> The task: Once you find the line below that has "重庆持续四十多度的高温天气下", output it and every line after it exactly, stopping after the line that has "en in de kleur", with no pictures.

> Materials provided:
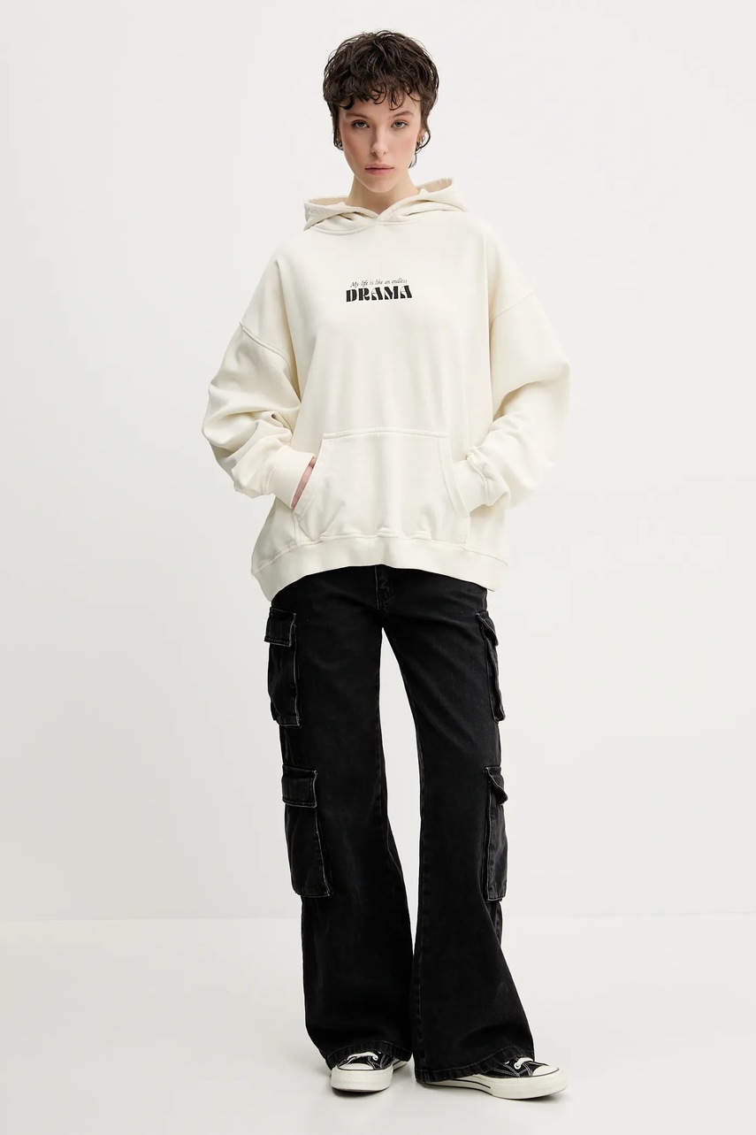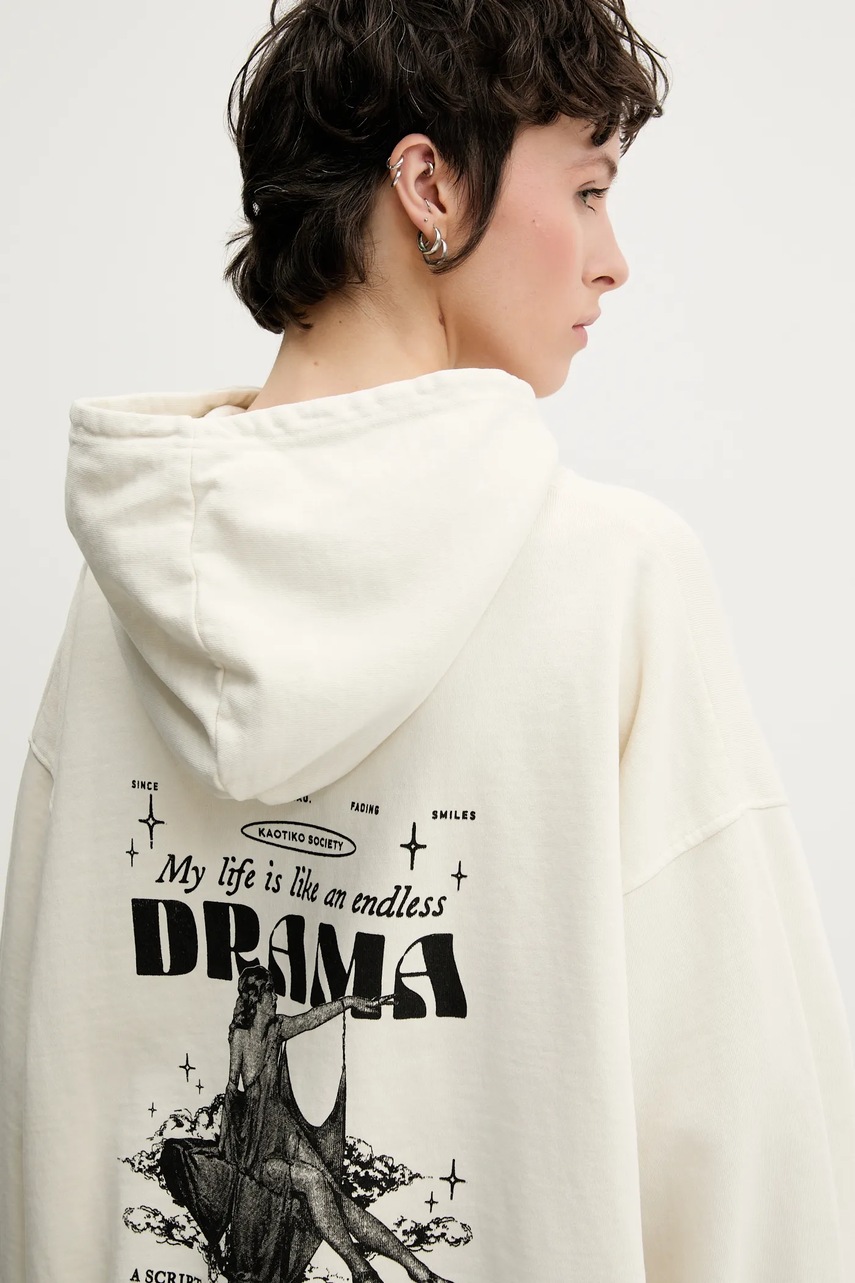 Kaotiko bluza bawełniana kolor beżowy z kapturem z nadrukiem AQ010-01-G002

...

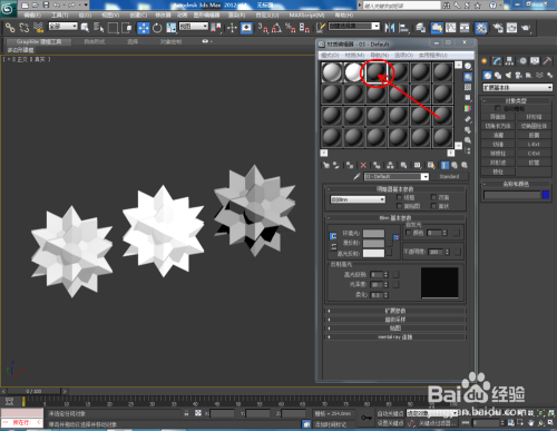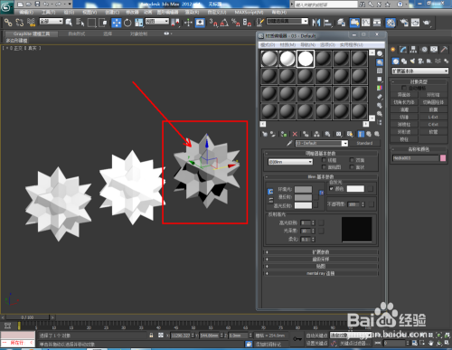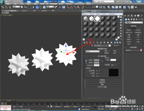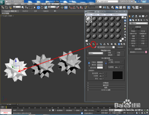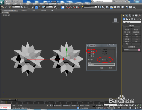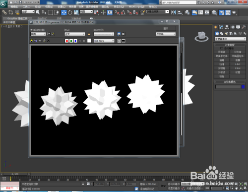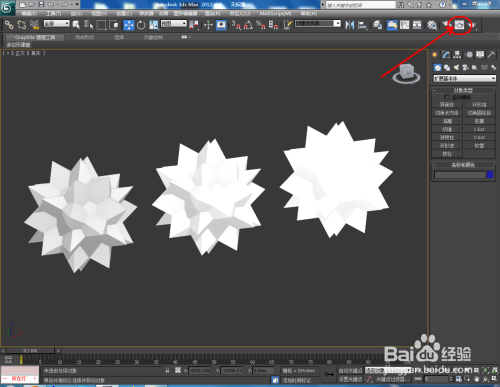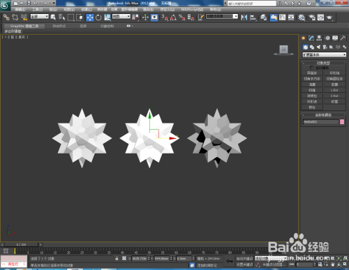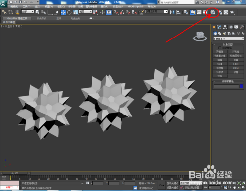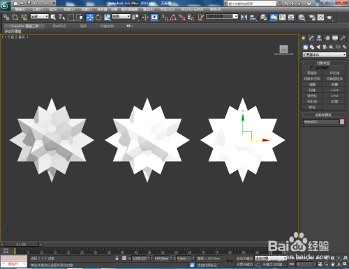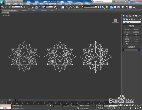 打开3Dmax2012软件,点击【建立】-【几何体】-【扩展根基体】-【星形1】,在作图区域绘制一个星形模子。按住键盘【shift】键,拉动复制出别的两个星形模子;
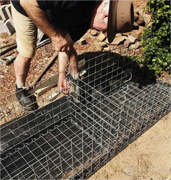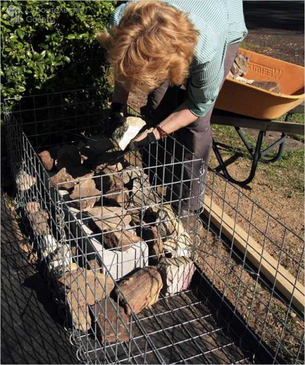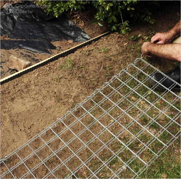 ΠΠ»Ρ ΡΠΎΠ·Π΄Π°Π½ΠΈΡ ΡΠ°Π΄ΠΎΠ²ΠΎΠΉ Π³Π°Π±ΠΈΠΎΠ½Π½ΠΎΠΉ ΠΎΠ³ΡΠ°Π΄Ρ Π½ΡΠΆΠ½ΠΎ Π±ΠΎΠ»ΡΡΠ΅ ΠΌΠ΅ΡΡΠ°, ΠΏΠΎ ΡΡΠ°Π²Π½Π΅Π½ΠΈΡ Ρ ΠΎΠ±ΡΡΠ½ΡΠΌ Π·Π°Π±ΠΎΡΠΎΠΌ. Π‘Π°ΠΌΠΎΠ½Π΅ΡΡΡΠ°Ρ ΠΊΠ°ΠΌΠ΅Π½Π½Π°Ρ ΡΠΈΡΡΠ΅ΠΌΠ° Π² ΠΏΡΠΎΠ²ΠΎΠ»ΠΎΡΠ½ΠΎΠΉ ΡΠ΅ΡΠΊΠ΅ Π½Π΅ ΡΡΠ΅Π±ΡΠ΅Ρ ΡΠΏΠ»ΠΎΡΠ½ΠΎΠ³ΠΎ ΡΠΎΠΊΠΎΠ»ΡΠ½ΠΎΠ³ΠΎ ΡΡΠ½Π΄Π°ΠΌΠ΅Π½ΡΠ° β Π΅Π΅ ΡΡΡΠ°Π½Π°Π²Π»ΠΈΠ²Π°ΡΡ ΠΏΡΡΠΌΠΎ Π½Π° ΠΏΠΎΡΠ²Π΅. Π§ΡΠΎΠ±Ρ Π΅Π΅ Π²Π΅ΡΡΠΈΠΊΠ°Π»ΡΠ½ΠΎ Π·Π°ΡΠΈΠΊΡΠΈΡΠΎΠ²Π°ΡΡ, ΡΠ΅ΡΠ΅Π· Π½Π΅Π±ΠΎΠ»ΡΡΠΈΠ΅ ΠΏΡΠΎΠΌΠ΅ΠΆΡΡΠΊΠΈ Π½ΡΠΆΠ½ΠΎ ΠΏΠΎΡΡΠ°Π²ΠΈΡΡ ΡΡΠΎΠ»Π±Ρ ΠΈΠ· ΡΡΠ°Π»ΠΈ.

---

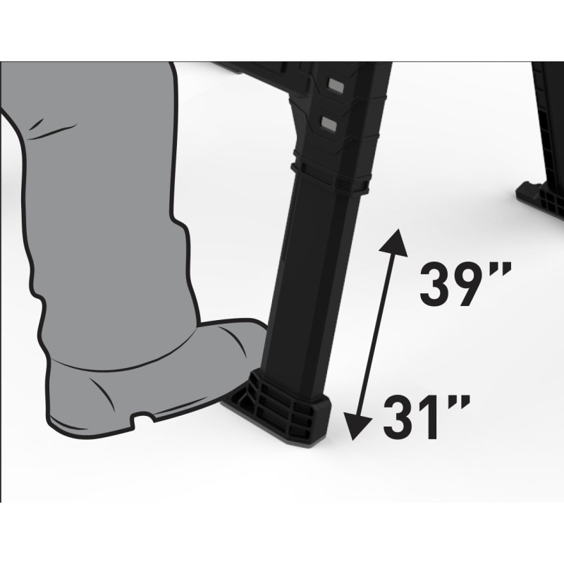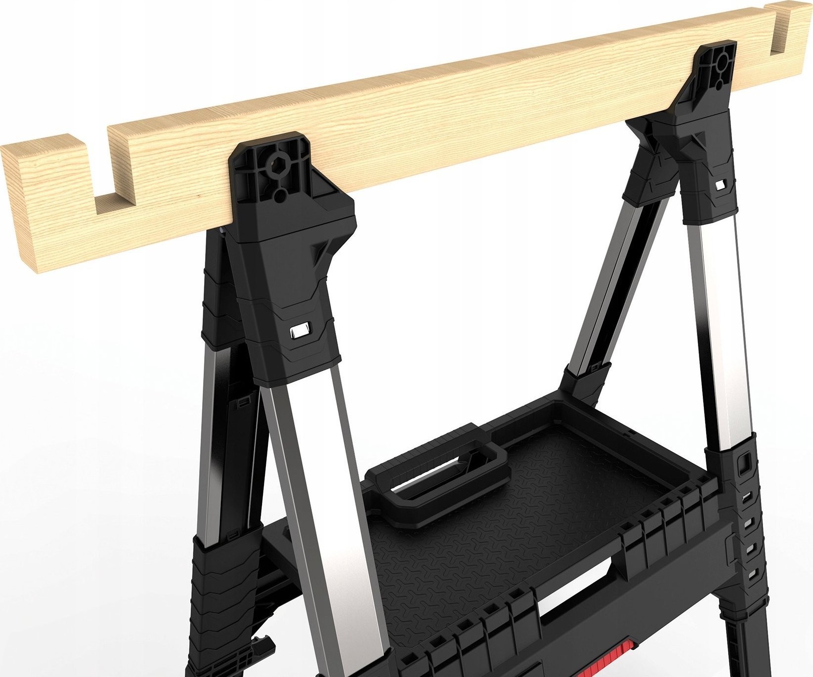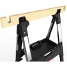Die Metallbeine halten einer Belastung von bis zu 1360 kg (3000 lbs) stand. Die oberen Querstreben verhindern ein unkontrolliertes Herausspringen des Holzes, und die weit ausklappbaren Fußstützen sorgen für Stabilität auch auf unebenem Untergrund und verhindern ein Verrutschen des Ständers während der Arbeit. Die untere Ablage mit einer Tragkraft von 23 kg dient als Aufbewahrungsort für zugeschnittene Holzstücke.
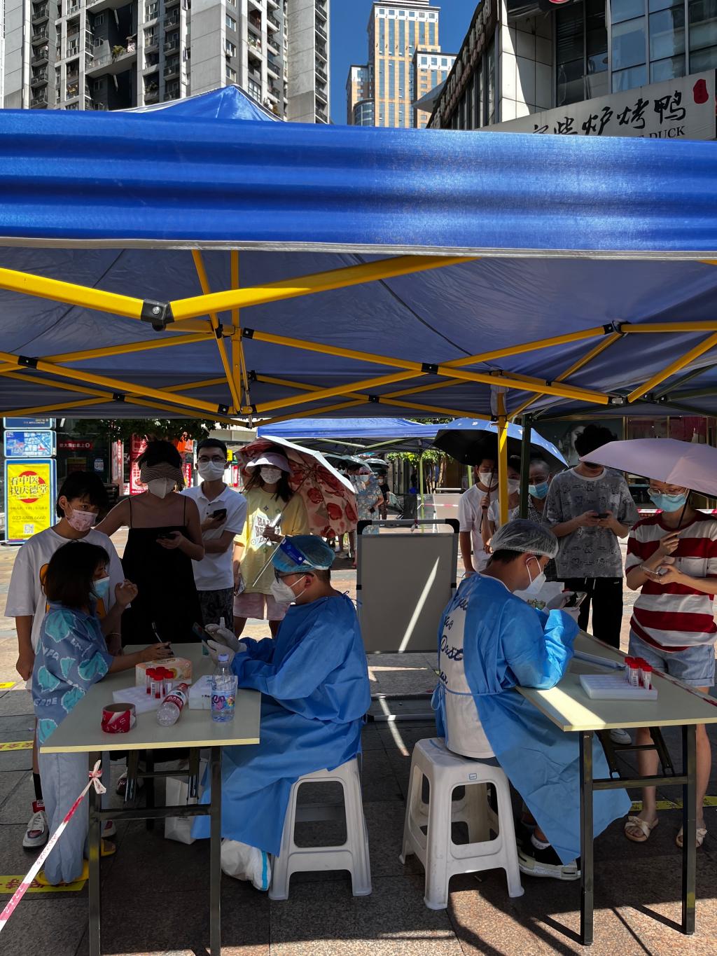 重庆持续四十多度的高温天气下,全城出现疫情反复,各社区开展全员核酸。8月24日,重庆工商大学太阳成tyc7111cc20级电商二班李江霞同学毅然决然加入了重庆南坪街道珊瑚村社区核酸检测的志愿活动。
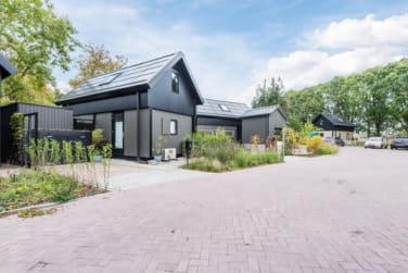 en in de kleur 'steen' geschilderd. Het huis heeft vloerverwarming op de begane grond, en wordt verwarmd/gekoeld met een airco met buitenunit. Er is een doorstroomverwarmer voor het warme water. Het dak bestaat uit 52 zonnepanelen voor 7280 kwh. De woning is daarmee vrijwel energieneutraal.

> Solution to the exercise:
 重庆持续四十多度的高温天气下,全城出现疫情反复,各社区开展全员核酸。8月24日,重庆工商大学太阳成tyc7111cc20级电商二班李江霞同学毅然决然加入了重庆南坪街道珊瑚村社区核酸检测的志愿活动。
 en in de kleur 'steen' geschilderd. Het huis heeft vloerverwarming op de begane grond, en wordt verwarmd/gekoeld met een airco met buitenunit. Er is een doorstroomverwarmer voor het warme water. Het dak bestaat uit 52 zonnepanelen voor 7280 kwh. De woning is daarmee vrijwel energieneutraal.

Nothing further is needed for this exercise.